Die am 20. März 2020 veröffentlichte Entscheidung wurde nur weniger Tage vorher angekündigt und bereits lange herbeigesehnt. Das BVerfG hat das Zustimmungsgesetz zum Einheitlichen Patentgericht für nichtig erklärt, und damit – vorerst – Klarheit geschaffen. Dabei hat das Gericht die Entscheidung auf das nicht ausreichende Quorum gestützt, während die anderen Beschwerdepunkte des Beschwerdeführers weniger beachtet wurden. Demnach hat die Einführung des Einheitliche Patentgerichts Verfassungsrelevanz und stellt eine funktional äquivalente Regelung zu einer Änderung der EU-Verträge dar. Bei einer Übertragung von Hoheitsrechten im Kontext der Europäischen Union - wie es das BVerfG hier annimmt - bedarf es einer Zwei-Drittel-Mehrheit, welche hier unstreitig nicht vorlag.

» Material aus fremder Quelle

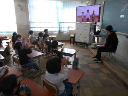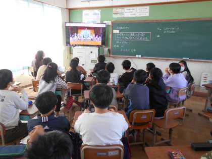 10月19日1・2校時に『唐橋スマイルコンサート』の動画視聴・鑑賞会を全校で一斉に行いました。4組および1年生から6年生までが、音楽の学習で積み重ねてきた成果を「合唱」や「器楽(リコーダー)演奏」で披露しました。
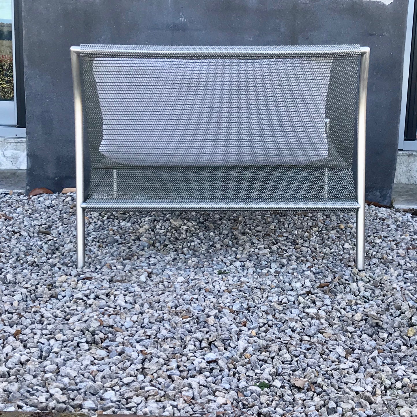 Flexible feet in nylon. Upholstered in AISI 316 stainless steel mesh.
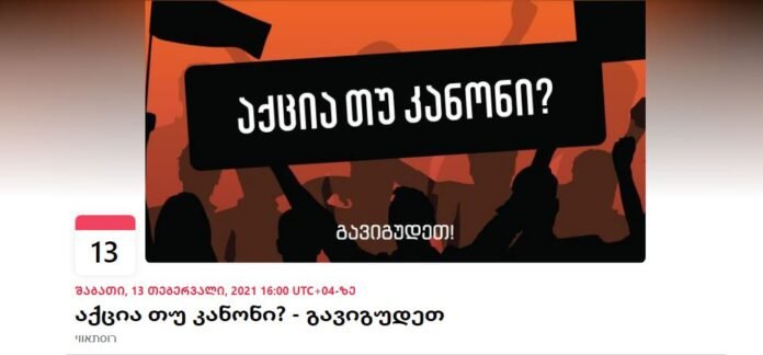 აქცია თუ კანონი? – ამ სახელწოდებით სოციალურ ქსელში სამოქალაქო აქტივისტების ჯგუფის „გავიგუდეთ“ ორგანიზებით კიდევ ერთი ღონისძიება დაანონსდა. ჯგუფის წევრების განცხადებით, ისინი პარლამენტისგან მოითხოვენ, რომ 12 თებერვლამდე მე-3 მოსმენის ჩანიშვნის ზუსტი თარიღი გახდეს ცნობილი და ჩანიშვნის დამადასტურებელი დღის წესრიგი საჯაროდ წარმოადგინონ.
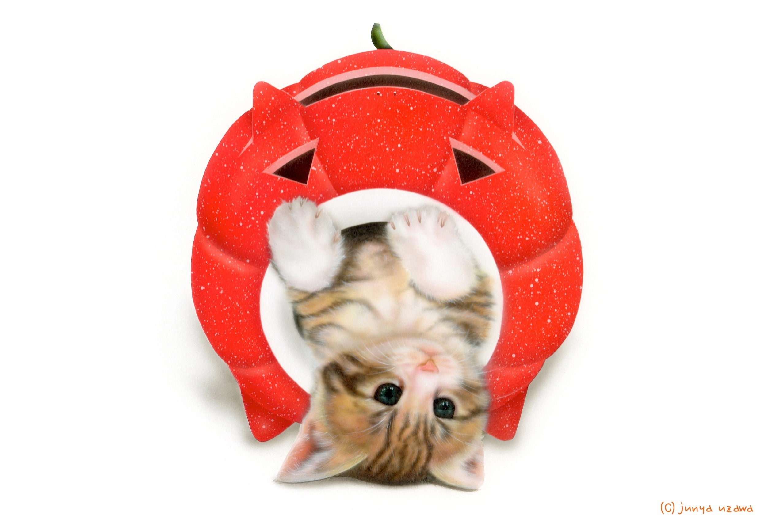 はじめてデザインフェスタに出展するということで、どうせならライブペイントをしたいと思って、それ用にデザインしたものです。そのため、簡単なものにしたかったので、今まで描いた絵の組み合わせになっています。この子猫は、以前描いた「SECRET
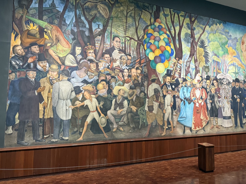 As part of Spanish class on Thursday we went to the Diego Rivera mural museum in Centro which houses his massive “Sueño de una tarde dominical en la Alameda Central.” It depicts the story of Mexico from the time of the Spanish Conquista all the way up to the 1950s. It reminded me of Thomas Hart Benton’s big triumphant murals about the American West.

Dabei ist diese Ansicht der Verfassungsrichter selbst im Zweiten Senat nicht unumstritten. So führten drei Verfassungsrichter in einem Minderheitsvotum u.a. an, dass nun bei jeder Kompetenzübertragung im Anwendungsbereich des Art. 23 Abs. 1 GG vom Bundestag und Bundesrat eine Zwei-Drittel-Mehrheit angestrebt werden könnte, um sich weniger Risiken auszusetzen. Dies könnte dazu führen, dass politische Prozesse im Bereich der europäischen Integration erschwert werden. Besonders Interessant ist dabei die Tatsache, dass sich die drei Verfassungsrichter mit der kürzesten bisherigen Amtszeit für das Minderheitsvotum zusammengeschlossen haben. Dies könnte bereits jetzt auf eine künftige Änderung in der Rechtsprechung hindeuten.

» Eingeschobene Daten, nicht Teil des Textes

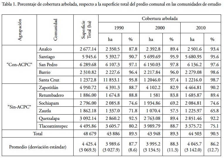 Las unidades de estudio del presente trabajo fueron once comunidades de la etnia Chinanteca que contrastaron en su acción colectiva para la conservación del bosque (Bray et al., 2012). El objetivo fue analizar la dinámica de su cobertura arbolada entre 1990-2010, y comparar las tendencias de cambio entre cinco comunidades que realizan acción colectiva para la conservación del bosque (con-ACPC) y seis que carecen de dicha acción colectiva (sin-ACPC).
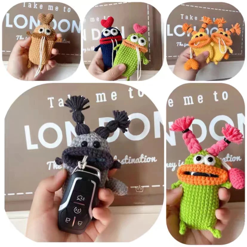 - 【Novelty Design】Handmade crochet key case/holder crochet little monster key case, lightweight and stylish design keeps your car keys visible everywhere. The creative sausage monster design makes you more dazzling in the crowd.
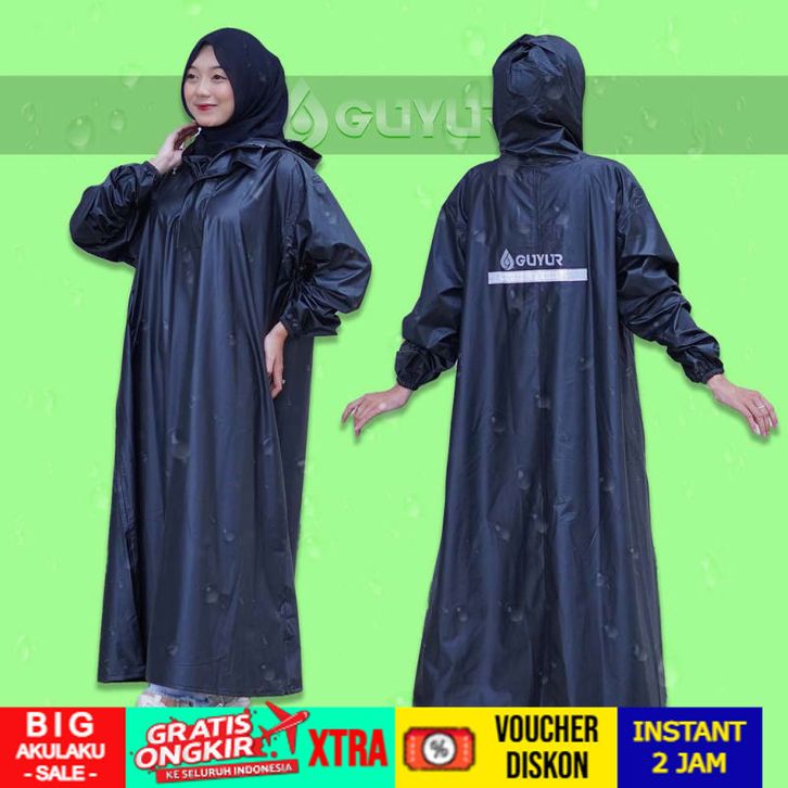 GRATIS ONGKIR jas hujan jumbo big raincoat wanita muslimah hijab model gamis terusan rok syar'i bahan impor

Den gesamten Beschluss - Az. 2 BvR 739/17 - des Zweiten Senates vom 13. Februar 2020  finden Sie auf der Internetpräsenz des BVerfG zum Nachlesen.

Nächste Schritte bis zum Einheitlichen Patentgericht

Dem Bundestag steht es nun frei, erneut mit der notwendigen Zwei-Drittel-Mehrheit über das Gesetz abzustimmen. Auch wenn entsprechende Prognosen schwierig sind, erscheint das Erreichen der gewünschten Mehrheit, auf Grund der damals einstimmigen Abstimmung, als durchaus realistisch. Jedoch kommt der Beschluss zu einem - aus der Sicht der Befürworter des Einheitlichen Patentgerichts - denkbar ungünstigen Zeitpunkt, bei dem der Zusammenschluss von einer solchen großen Personenanzahl schwierig bis unmöglich, und die Politik in vielen Bereichen gefordert ist. Es bleibt wohl noch ein langer und steiniger Weg, bis es zum Einheitlichen Patentgericht kommt.

Unser Kommentar

Es bleibt nun abzuwarten, ob bzw. wann der Bundestag für ein erneute Abstimmung zum Zustimmungsgesetz für das Einheitliche Patentgericht tagt. So bleibt es vorerst der Wunsch einiger Befürworter, dass dieses Vorhaben nicht insgesamt scheitert. Denn der einheitliche Schutz im Patentrecht stellt eine hervorragende Chance und Vereinfachung für Erfinder und Unternehmen dar, und ist somit längst überfällig. Die Entscheidung der britischen Regierung gegen ein Einheitliches Patentgericht verstärkt insgesamt die Zweifel an der entsprechenden zeitnahen Durchsetzung, da somit ein wichtiger „Partner“ weggefallen ist.

Spannend bleibt, wie sich der Bundestag zukünftig im Bereich der europäischen Integration verhalten wird. Hier bleibt zu hoffen, dass sich die Befürchtungen aus dem Minderheitsvotum nicht bestätigen. Denn eine absolute Zwei-Drittel-Mehrheit zu erreichen ist derzeit wohl schwerer als je zuvor und könnte somit zu einer Behinderung der Politik führen. Über den weiteren Fortgang dieses Themas werden wir Sie selbstverständlich zu gegebener Zeit an dieser Stelle informieren.